Sorry, but I just wasn’t raised that way.
I try to never wish bad on people, because I would never want people to wish bad on me. It took all my faith in G-d to say a little prayer that I should never treat people the way I was treated yesterday, and that my children should never act in such a deplorable manner. I tried to tell myself that this couple is so desperate to have babies, that they would be willing to step on anything – and anyone – in their path. I told myself that, if they do manage to have children, perhaps they would rethink their course of actions.
After the appointment, I met with the fertility nurse, and she told me about the battery of tests that they now must run. Because the couple stole my appointment, I had to leave and couldn’t do the first ultrasound and round of blood tests they wanted to run. That really upset me since I have to cab it back and forth to the clinic, and that’s extra money I just don’t have lying around. And, they were sitting in the waiting room undergoing the round of tests, because they took my appointment and had more than enough time to take care of what was necessary during the first appointment.
Again, that just really upset me, and I cried in frustration during the cab ride back to our apartment. I have to find a morning next week to return to the clinic for these tests. I really wish I just didn’t have to do this.

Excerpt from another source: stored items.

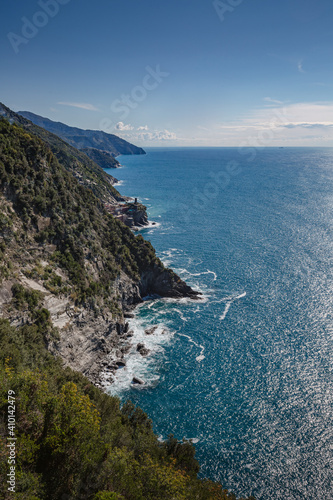 Beautiful seascape . View from the way to Vernazza village in Cinque Terre on the Italian Riviera
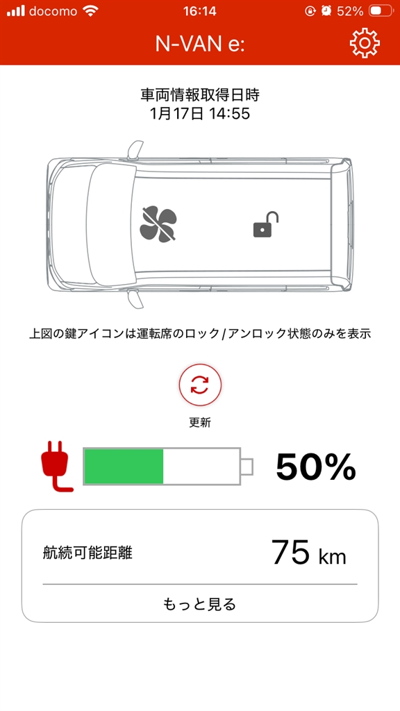 1月、SOC50%で走行可能距離75%。100%でも150kmです
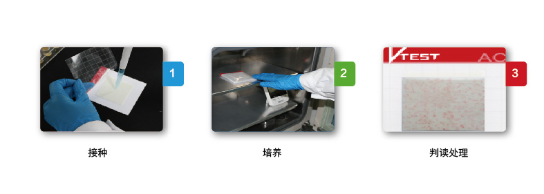 V—TEST ®微生物快速檢測試紙片為預制型培養(yǎng)基系統(tǒng),由上層薄膜層、中層無紡布、下層底板組成。將特定的培養(yǎng)基和指示劑附著在載體上,通過微生物在上面生長、指示劑顯色來測定食品中的微生物。本適用于食品及原料中致病菌的測定,也可以用于食品加工環(huán)境中的致病菌的測定以及現(xiàn)場執(zhí)法等檢測。
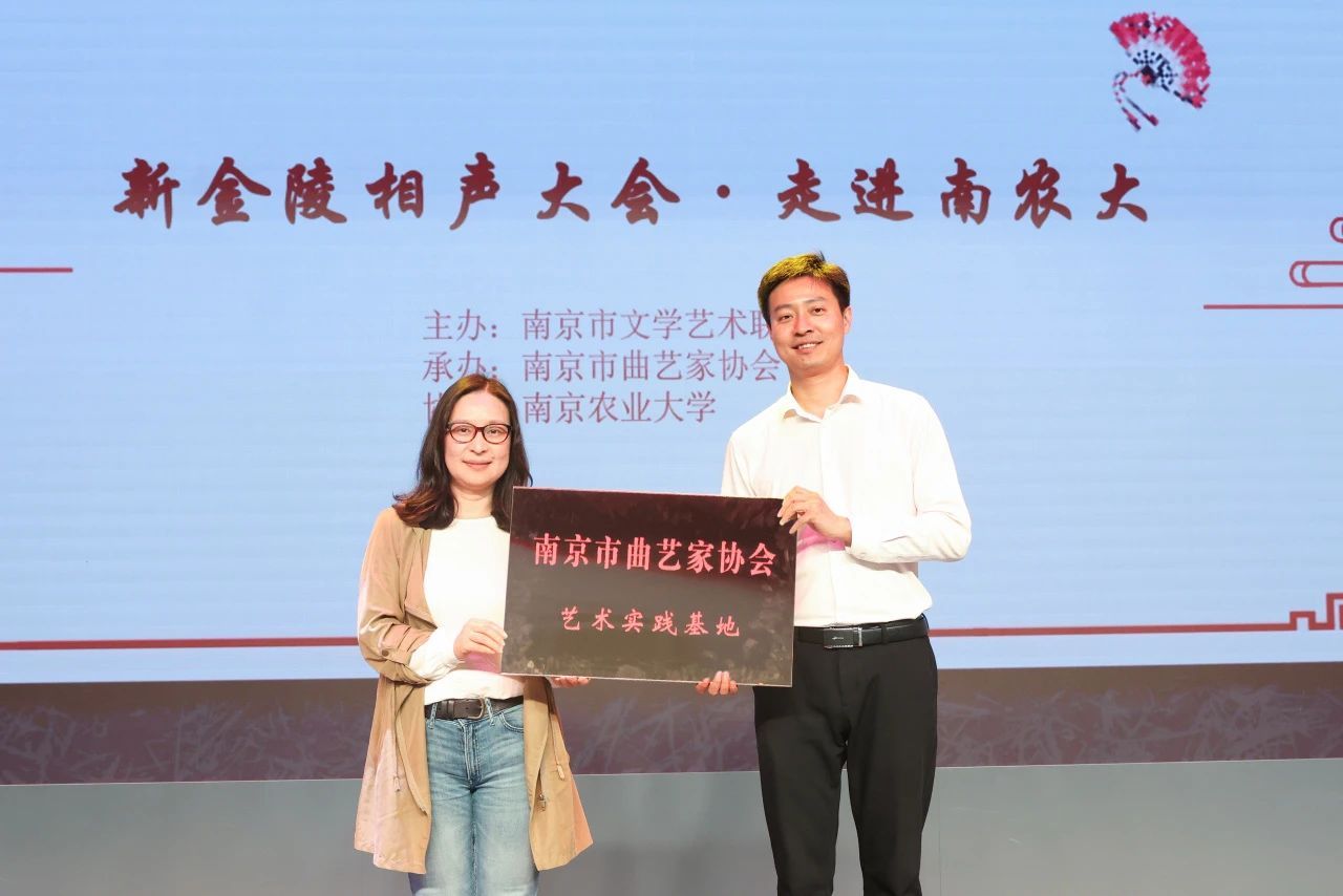 演出开始前,毛敏代表南京市文联向我校颁发了“南京市曲艺家协会艺术实践基地”铭牌。基地的设立,旨在通过相声等曲艺艺术,加强校地融合交流,丰富校园文化,让更多的青年了解、喜爱并传承中华优秀传统文化。
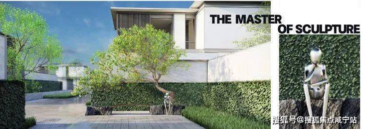 合院的景观设计体现了返璞归真,现代精致的生活本质,并且演绎出前瞻艺术,城市会客的隐贵礼序。将中国古典园林与西方园林取长补短,相得益彰,营造一轴两街三园,四坊十巷的通达之所,并融入现代工艺美术大师精典雕塑作品及名贵树种,安置于阡陌交错间的节点。艺术品装饰社区公共空间,主题阶段性布展式地呈现于业主的面前。横纵阡陌间点缀的艺术品与名贵乔木,宛如星河,异彩纷呈,呈现出自然园林与现代艺术融合的视觉盛宴。

I know in life, everything happens for a reason. There is a saying that everything happens for the best. It’s hard to see how it was a good thing to miscarry, how it was for the best that this Couple took my appointment, forcing me to now have to return to the Clinic next week to do my tests when I should have been able to do everything right then and there.
I know I should turn to my Faith for help, for healing. But it’s so difficult to do.
I think G-d is really mad at me. I just really wish I understood what I’ve done wrong.